* **TASK**
Without copying any picture, transcribe exactly the lines of the data below from the one containing "كتاب ومؤلف خلاصة" through the one containing "자신이 받은 계약금 3천만".

* **ENTRIES PROVIDED**

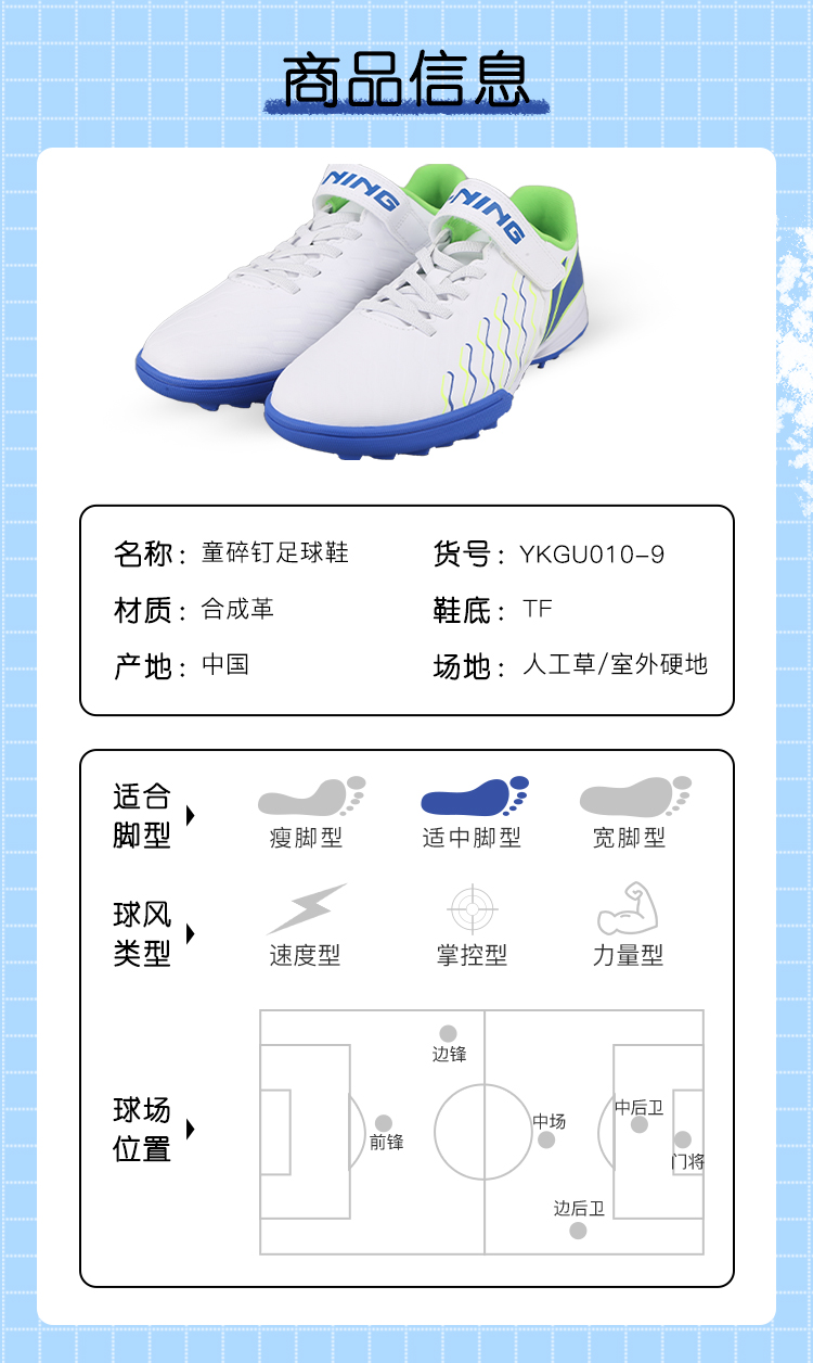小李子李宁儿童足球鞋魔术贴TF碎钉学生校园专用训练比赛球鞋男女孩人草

==

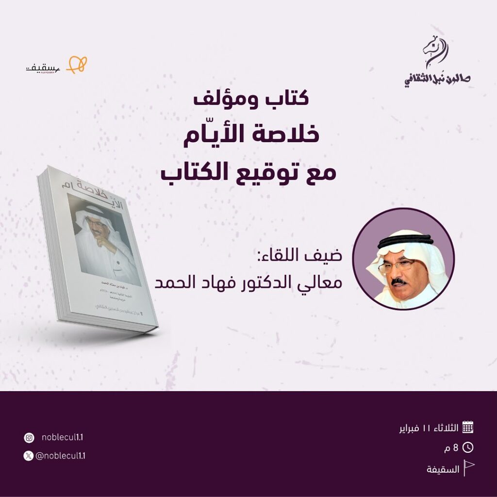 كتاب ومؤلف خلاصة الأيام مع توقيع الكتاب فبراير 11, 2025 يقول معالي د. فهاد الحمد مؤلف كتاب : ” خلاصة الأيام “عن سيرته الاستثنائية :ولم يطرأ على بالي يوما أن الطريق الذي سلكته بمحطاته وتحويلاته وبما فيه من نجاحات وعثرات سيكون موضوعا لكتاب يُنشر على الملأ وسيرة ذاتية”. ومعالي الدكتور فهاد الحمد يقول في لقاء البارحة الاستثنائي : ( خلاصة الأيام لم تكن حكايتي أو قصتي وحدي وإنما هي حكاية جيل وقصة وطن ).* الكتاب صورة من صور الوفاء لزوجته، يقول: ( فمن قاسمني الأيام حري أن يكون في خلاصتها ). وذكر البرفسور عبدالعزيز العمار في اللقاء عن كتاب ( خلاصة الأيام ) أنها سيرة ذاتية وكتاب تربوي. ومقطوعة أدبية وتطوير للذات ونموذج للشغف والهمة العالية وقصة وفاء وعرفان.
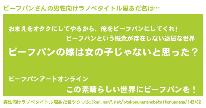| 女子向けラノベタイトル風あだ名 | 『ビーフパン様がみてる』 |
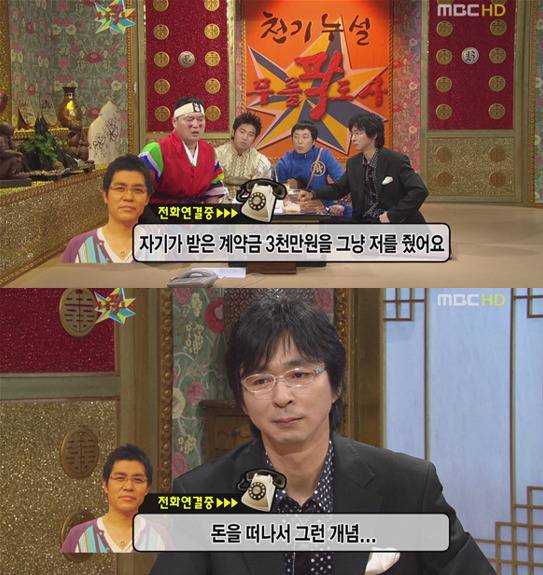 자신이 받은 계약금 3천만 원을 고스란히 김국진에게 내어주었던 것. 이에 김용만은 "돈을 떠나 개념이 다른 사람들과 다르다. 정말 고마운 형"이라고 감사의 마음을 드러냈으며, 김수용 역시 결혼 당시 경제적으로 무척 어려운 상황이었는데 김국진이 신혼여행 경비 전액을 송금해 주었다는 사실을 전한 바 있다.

* **WRITTEN RESPONSE**
 كتاب ومؤلف خلاصة الأيام مع توقيع الكتاب فبراير 11, 2025 يقول معالي د. فهاد الحمد مؤلف كتاب : ” خلاصة الأيام “عن سيرته الاستثنائية :ولم يطرأ على بالي يوما أن الطريق الذي سلكته بمحطاته وتحويلاته وبما فيه من نجاحات وعثرات سيكون موضوعا لكتاب يُنشر على الملأ وسيرة ذاتية”. ومعالي الدكتور فهاد الحمد يقول في لقاء البارحة الاستثنائي : ( خلاصة الأيام لم تكن حكايتي أو قصتي وحدي وإنما هي حكاية جيل وقصة وطن ).* الكتاب صورة من صور الوفاء لزوجته، يقول: ( فمن قاسمني الأيام حري أن يكون في خلاصتها ). وذكر البرفسور عبدالعزيز العمار في اللقاء عن كتاب ( خلاصة الأيام ) أنها سيرة ذاتية وكتاب تربوي. ومقطوعة أدبية وتطوير للذات ونموذج للشغف والهمة العالية وقصة وفاء وعرفان.
| 女子向けラノベタイトル風あだ名 | 『ビーフパン様がみてる』 |
 자신이 받은 계약금 3천만 원을 고스란히 김국진에게 내어주었던 것. 이에 김용만은 "돈을 떠나 개념이 다른 사람들과 다르다. 정말 고마운 형"이라고 감사의 마음을 드러냈으며, 김수용 역시 결혼 당시 경제적으로 무척 어려운 상황이었는데 김국진이 신혼여행 경비 전액을 송금해 주었다는 사실을 전한 바 있다.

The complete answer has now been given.